Abstract: Processing data at high speeds is becoming increasingly critical as digital economies generate enormous data. The current paradigms for timely data processing are edge computing and data stream processing (DSP). Edge computing places resources closer to where data is generated, while stream processing analyzes the unbounded high-speed data in motion. However, edge stream processing faces rapid workload fluctuations, complicating resource provisioning. Inadequate resource allocation leads to bottlenecks, whereas excess allocation results in wastage. Existing reactive methods, such as threshold-based policies and queuing theory scale only after performance degrades, potentially violating SLAs. Although reinforcement learning (RL) offers a proactive approach through agents that learn optimal runtime adaptation policies, it requires extensive simulation.
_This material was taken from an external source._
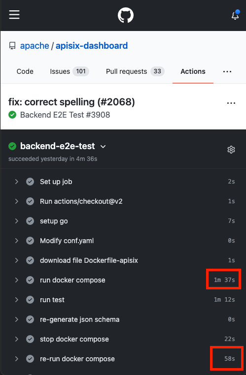 > It's nice to cache docker layers. Do you know how much time could we save with this @Yiyiyimu since CI is not completed for this PR, I can't tell exactly. but I think rebuilding docker every workflow is the main reason for slow CI. see   -- This is an automated message from the Apache Git Service. To respond to the message, please log on to GitHub and use the URL above to go to the specific comment. To unsubscribe, e-mail: [email protected] For queries about this service, please contact Infrastructure at: [email protected]

Furthermore, predictive machine learning models face online distribution and concept drift that minimize their accuracy. We propose a three-step solution to the proactive edge stream processing autoscaling problem. Firstly, a GRU neural network forecasts the upstream load using real-world and synthetic DSP datasets. Secondly, a transfer learning framework integrates the predictive model into an online stream processing system using the DTW algorithm and joint distribution adaptation to handle the disparities between offline and online domains. Finally, a horizontal autoscaling module dynamically adjusts the degree of operator parallelism, based on predicted load while considering edge resource constraints. The lightweight GRU model for load predictions recorded up to 1.3\% SMAPE value on a real-world data set. It outperformed CNN, ARIMA, and Prophet on the SMAPE and RMSE evaluation metrics, with lower training time than the computationally intensive RL models.